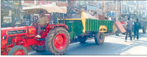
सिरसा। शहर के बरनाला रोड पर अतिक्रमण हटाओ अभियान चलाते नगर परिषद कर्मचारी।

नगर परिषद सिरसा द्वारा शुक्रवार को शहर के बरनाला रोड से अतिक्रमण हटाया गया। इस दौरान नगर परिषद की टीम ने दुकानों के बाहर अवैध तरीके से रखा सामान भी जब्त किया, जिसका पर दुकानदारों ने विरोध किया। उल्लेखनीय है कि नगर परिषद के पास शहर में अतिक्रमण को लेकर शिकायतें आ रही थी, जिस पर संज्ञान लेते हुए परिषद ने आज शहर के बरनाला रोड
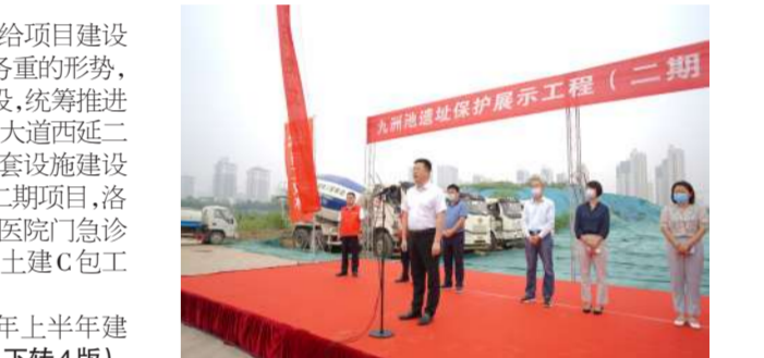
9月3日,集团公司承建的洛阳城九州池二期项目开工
◇ ◇ ◇ ◇ ◇
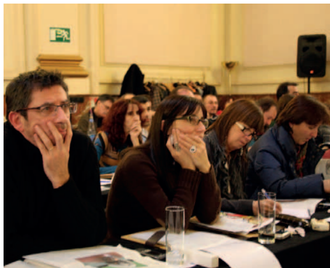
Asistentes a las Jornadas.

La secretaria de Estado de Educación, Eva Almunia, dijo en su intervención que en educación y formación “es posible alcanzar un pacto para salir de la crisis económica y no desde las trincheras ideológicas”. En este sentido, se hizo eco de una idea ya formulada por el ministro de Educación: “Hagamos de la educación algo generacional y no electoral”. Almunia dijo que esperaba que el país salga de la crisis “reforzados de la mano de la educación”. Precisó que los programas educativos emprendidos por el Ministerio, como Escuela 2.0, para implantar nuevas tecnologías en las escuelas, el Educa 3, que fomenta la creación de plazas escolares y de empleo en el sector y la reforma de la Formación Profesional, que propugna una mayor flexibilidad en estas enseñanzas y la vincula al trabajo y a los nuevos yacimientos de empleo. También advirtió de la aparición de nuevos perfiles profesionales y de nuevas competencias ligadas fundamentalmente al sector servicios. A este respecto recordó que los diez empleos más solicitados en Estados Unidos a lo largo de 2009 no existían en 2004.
◇ ◇ ◇ ◇ ◇
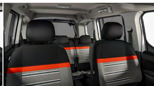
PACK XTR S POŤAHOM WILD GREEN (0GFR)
◇ ◇ ◇ ◇ ◇
TASK GOAL -> Restate the lines above from the one containing "सिरसा। शहर के" through the one containing "9月3日,集团公司承建的洛阳城九州池二期项目开工", inclusive, exactly and without pictures.

YOUR RESPONSE ->
सिरसा। शहर के बरनाला रोड पर अतिक्रमण हटाओ अभियान चलाते नगर परिषद कर्मचारी।

नगर परिषद सिरसा द्वारा शुक्रवार को शहर के बरनाला रोड से अतिक्रमण हटाया गया। इस दौरान नगर परिषद की टीम ने दुकानों के बाहर अवैध तरीके से रखा सामान भी जब्त किया, जिसका पर दुकानदारों ने विरोध किया। उल्लेखनीय है कि नगर परिषद के पास शहर में अतिक्रमण को लेकर शिकायतें आ रही थी, जिस पर संज्ञान लेते हुए परिषद ने आज शहर के बरनाला रोड
9月3日,集团公司承建的洛阳城九州池二期项目开工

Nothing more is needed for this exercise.